Róże kameleony u Pani Ani

Strona główna/Róże 2018/Róże kameleony u Pani Ani

Dzień dobry,

Mam na imię Ania i jestem początkującym ogrodnikiem. Mój ogród na chwile obecną jest bardzo młody. Kilka dni temu skończył swój pierwszy roczek. Niestety nie mogę się pochwalić pięknymi, dużymi i barwnymi rabatkami róż, ale jest w moim ogrodzie mały krzaczek, który zasługuje na szczególne wyróżnienie.

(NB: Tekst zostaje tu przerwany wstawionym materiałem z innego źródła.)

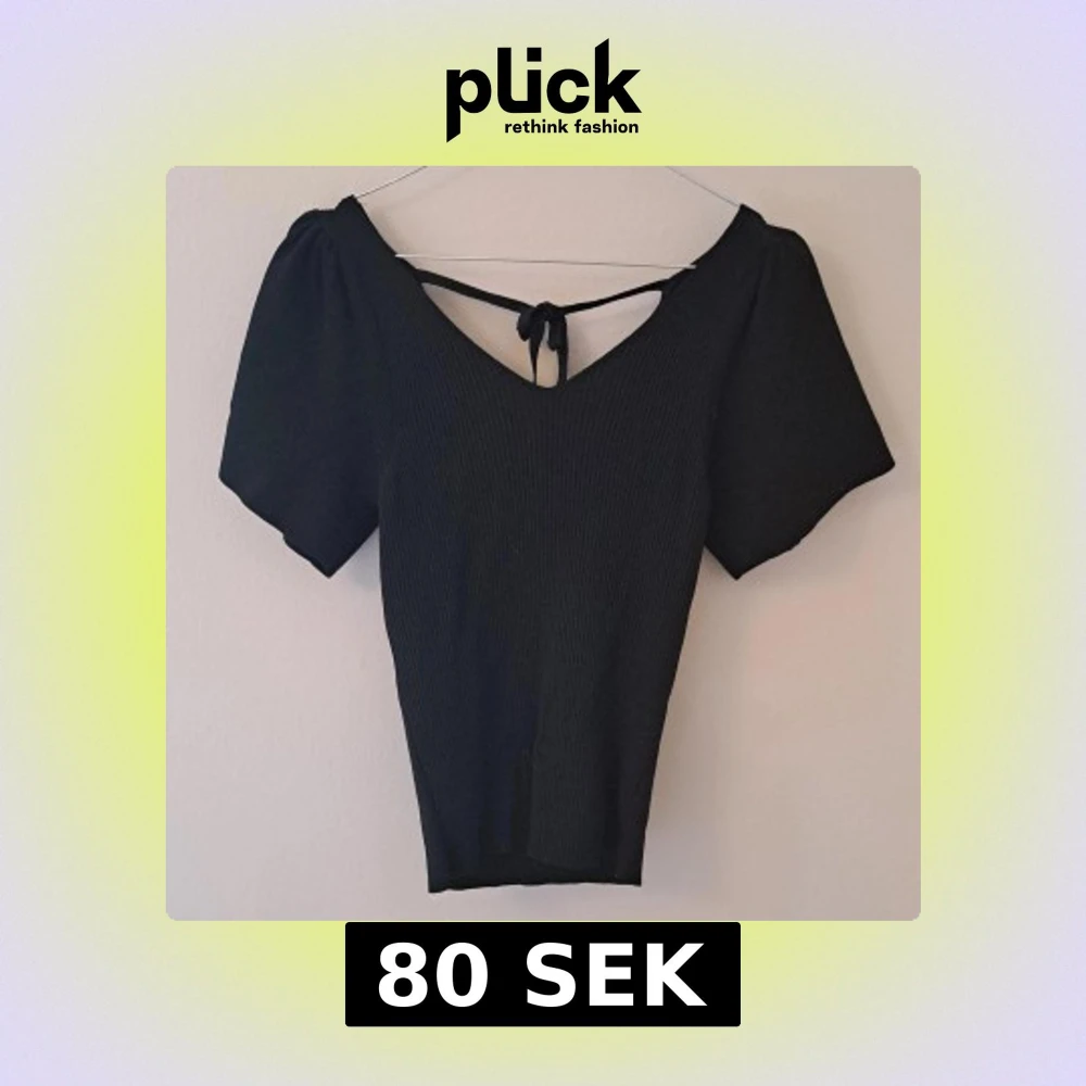 Svart ribbad topp med korta puffärmar och v-ringning. Toppen har en snygg knytning i ryggen och är figurnära i modellen. Perfekt för dig som gillar stilrena och trendiga plagg med det lilla extra.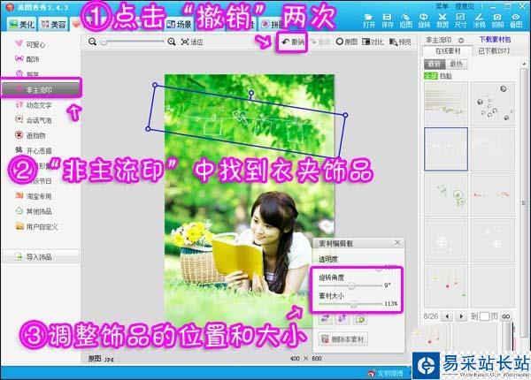 5、然后點(diǎn)擊“撤銷”兩次,返回原片狀態(tài)。再到“飾品”菜單下,在“非主流印”分類下,找到并點(diǎn)擊“衣夾”飾品,調(diào)整好飾品的大小和位置。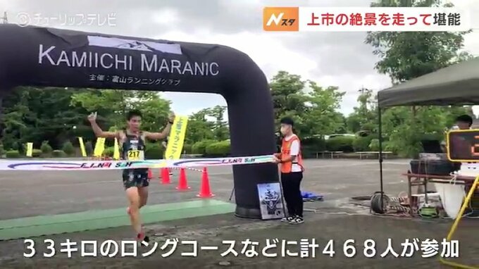 先日の大雨で土砂崩れの被害があった上市町で、トレイルランの大会が開催されました。一時は大会の開催も危ぶまれましたが、コースの一部を変更して468人が山の中を走り抜けました。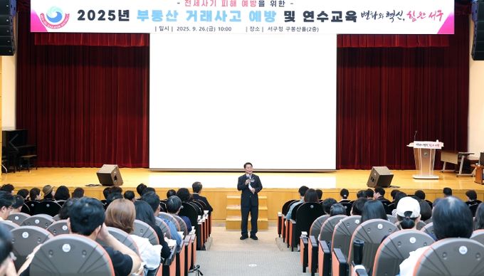(포탈뉴스통신) 대전 서구는 구청 구봉산홀에서 관내 공인중개사 200여 명을 대상으로 전세사기 피해 예방과 건전한 부동산 거래 문화 정착을 위한 교육을 진행했다고 29일 전했다.
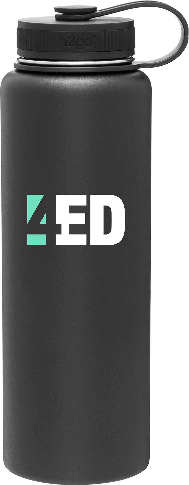 The h2go Venture 40 oz thermal bottle is built for high-capacity hydration and rugged performance. Made from double wall 18/8 stainless steel with copper vacuum insulation, it keeps drinks hot or cold for hours. It features a threaded insulated lid with a silicone band for comfort and a lid retaining loop for added convenience. Finished with a durable powder coated exterior, this bottle is ready for trails, travel, or daily use.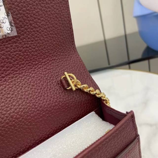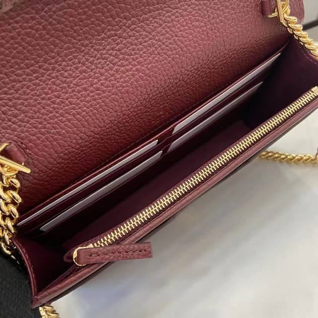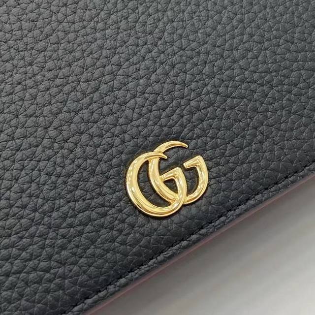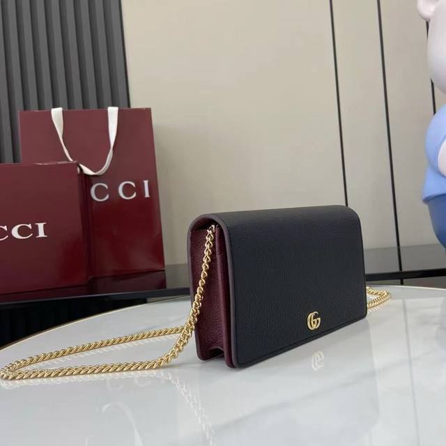 A top-of-the-line new arrival, this Gg Marmont wallet-on-chain features a contrasting interior for a striking new twist. Embellished with the signature Double G hardware, it features a detachable chain shoulder strap, creating a versatile style perfect for day or night. While compact, it offers uncompromising practicality, with a well-organized interior for cards and other essentials. Black and Gucci Ankora leather. Gold-tone hardware. Gucci Ankora taffeta lining. Double G. Interior: 6 card slots, 1 flat pocket, 1 gusseted zip pocket, and 1 open compartment. Mirror. Detachable chain shoulder strap with a 60cm drop. Snap-button closure. Weight: Approximately 0.40 kg. Model No. 497985. Dimensions: 20cm wide x 12.5cm high x 4cm deep. Color: Black and Ankora.

Sadzonkę tej róży kupiłam wiosną, na lokalnym ryneczku od starszego Pana. Na początku nie wyglądała za dobrze. Posadzona niedbale w małej doniczce stała samotnie na samym końcu stolika. Sprzedawca nie pamiętał nawet jej nazwy. Promocyjna cena sprawiła, że zaryzykowałam i kupiłam przysłowiowego “kota w worku”. Po zapłaceniu i zapakowaniu kwiatka usłyszałam na pożegnanie, że na pewno będę zadowolona z zakupu. Z nutką niedowierzania, krzaczkiem w garści wróciłam do domu i…..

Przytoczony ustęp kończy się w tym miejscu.